Of course, it is ever so much easier to run with both wheels on the track, and always on the track, and it is much easier to follow Christ fully than to follow with a half heart and halting step.

The prophet was right in his pungent question, "How long halt ye between two opinions?" 

The undecided man is a halting man. 

The halting man is a lame man and a miserable man

And the out-and-out Christian is the admiration of men and angels, and a continual joy to himself.

Say, is it all for Jesus, As you so often sing, Is He your Royal Master, Is He your heart's True King?

~A. B. Simpson

Sunday, October 18, 2020

Stripped Lying At The Feet Of Jesus

Heb 4:13  Neither is there any creature that is not manifest in his sight: but all things are naked and opened unto the eyes of him with whom we have to do.

The literal translation of that phrase in Hebrews is, "all things are stripped and stunned." 

Such is the force of the Greek words. 

The figure is that of an athlete in the Coliseum who has fought his best in the arena, and has at length fallen at the feet of his adversary, disarmed and broken down in helplessness. 

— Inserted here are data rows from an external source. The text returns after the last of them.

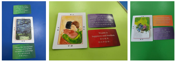 本次活動主題為“卡牌心橋—與自己對話”,意在通過歐卡牌讓同學(xué)們更深入、更直觀地感受到自身心理映射和情緒體驗(yàn),并通過交流分享,助力大家避免壓抑、開放身心。活動開始,同學(xué)們隨機(jī)分為三個(gè)小組,李夏凝讓每位同學(xué)以動物自比,幫助大家初步了解個(gè)人性格和特質(zhì)。隨后,進(jìn)行歐卡牌團(tuán)訓(xùn),同學(xué)們分四次分別抽取彩虹卡、圖卡、字卡、彩虹卡,并圍繞卡牌內(nèi)容、選擇理由、自身感受等進(jìn)行分享。最后,李夏凝邀請有分享意愿的同學(xué)進(jìn)行發(fā)言,講述自身體會,并以此為衍伸,鼓勵同學(xué)們在生活中要敢說、想說、多說,及時(shí)表達(dá)自我,避免因憋悶、鉆牛角尖等形成不好的情緒體驗(yàn)。整個(gè)活動氛圍親切、溫馨,同學(xué)們紛紛表示體驗(yàn)感極佳,也通過本次活動在一些問題上有了新的認(rèn)識,更清楚了內(nèi)心深處的想法。
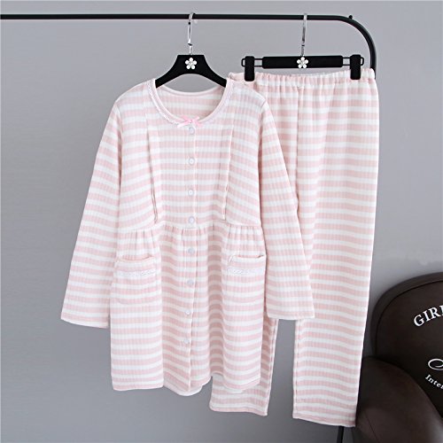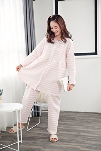 - かわいいストタップ柄、嬉しい長い丈のデザイン、ブルーとピンク2色選べる。ウェスト部分はゴム取替口付き。便利な前開きのルームウェア、授乳機能付き、マタニティにもおすすめ。
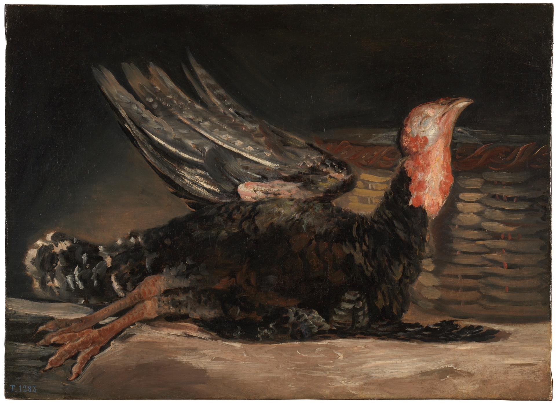 En este bodegón, Goya ha representado un pavo muerto sobre una mesa, con la cabeza apoyada en una cesta de mimbre. El fondo oscuro e indefinido, sin referencias espaciales claras, aísla la figura del animal y la convierte en protagonista absoluta. La luz subraya el volumen del cuerpo y crea un fuerte contraste entre el plumaje oscuro y las zonas claras del suelo. Este recurso refuerza la lectura existencial de la obra: no estamos ante un objeto cotidiano, sino ante un cuerpo expuesto, casi como un estudio de cadáver.
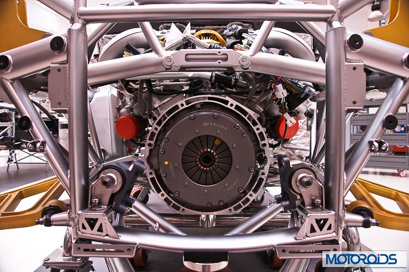 The push rod rear suspension with specially made “gold” shocks by Ohlins.
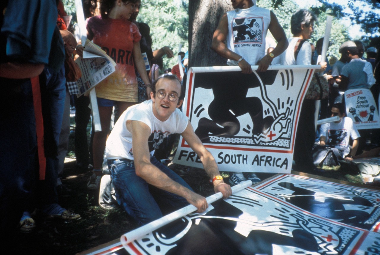“Free South Africa” là một trong những tác phẩm thể hiện rõ tinh thần hoạt động xã hội nhất của Keith Haring.
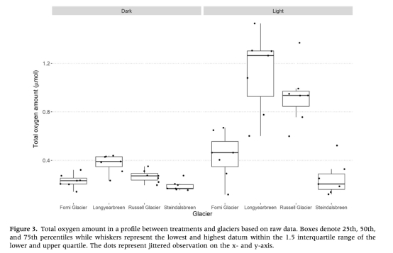 摘要探討了冰川表面沉積物(cryoconite)中氧合作用對有機質分解的影響。通過采集北極和歐洲大陸五個冰川的樣品,實驗模擬了靜置(stagnant)和機械混合(mechanically mixed)條件(模仿融水攪動),測量了氧垂直分布和有機質含量變化。結果發(fā)現(xiàn):
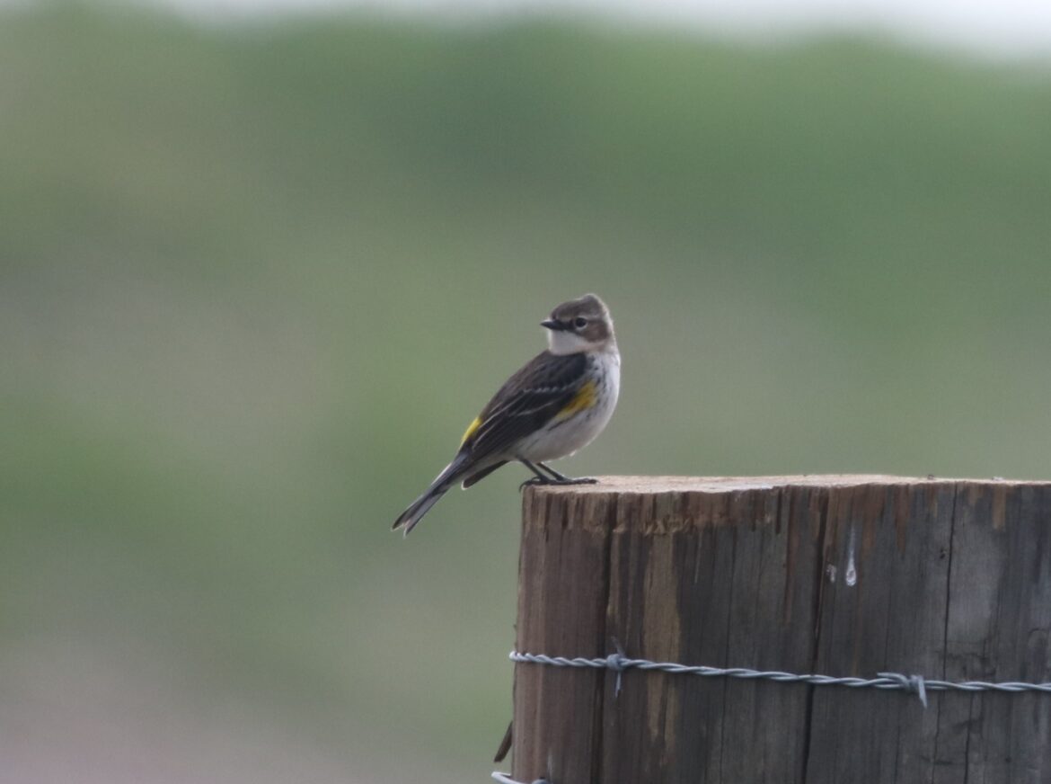 IMG_Yellow-rumped Warbler: Yellow-rumped Warbler observed posing on fence post in Brazoria, TX on February 8, 2023. Photo by Taylor Bennett.

There he lies, unable to strike a blow or lift his arm. 

He is stripped and stunned, disarmed and disabled, and there is nothing left for him but to lie at the feet of his adversary and appeal to him for mercy.

Now this is the position to which God wants to bring us, where we shall cease our struggles and our attempts at self-defense or self-improvement and throw ourselves helplessly upon the mercy of God. 

This is the sinner's only hope, and when he thus lies at the feet of mercy, Jesus is ready to lift him up and give him that free salvation which is waiting for all.

This, too, is the greatest need of the Christian who seeks a deeper and higher life...

To come to a full realization of his nothingness and helplessness and to lie down, stripped and stunned, at the feet of Jesus.

~A. B. Simpson

Friday, October 9, 2020

Former Blessing No Argument For Present Compromise

The whole question of spiritual fullness is at stake. 
 
I have spoken of what might have been in the case of Jonathan. 
 
David came to the kingdom in fullness, and Jonathan might have been there at his side, his strength and support in the kingdom...
 
But no; instead of that, he passes out in this tragic way. 
 
In a sense, there is nothing wrong with Jonathan; but he has become involved in compromise with another one and another instrument and another order of things, because he did not make a clean cut. 
 
It is not for us to judge why, but it does seem that it must have been that he argued on the ground of natural reasoning about this thing. 
 
What does it all amount to? 
 
If spiritual fullness is to be reached, we have to be governed by Divine and heavenly principles, and not by human considerations. 
 
Divine principles; not...What will the consequences be? 
 
Not, What shall we lose? 
 
Not even, What will the Lord lose? - because that is a very subtle argument. 
 
The Lord does not ask us to reason this thing out on that level at all. 
 
He says, 'What is the Divine principle? Let that principle govern and guide.' 
 
You may not see at all how it is going to work out. 
 
If you are governed by Divine principles you may seem to lose a lot here; you may, for a time, have to go out with David and wait. 
 
But in the end the principles will be vindicated. 
 
You Have To Recognize That Compromise On Principle Only Brings Disaster. 
 
You see it everywhere.

The need is to seek to know what the Divine principle is in any matter. 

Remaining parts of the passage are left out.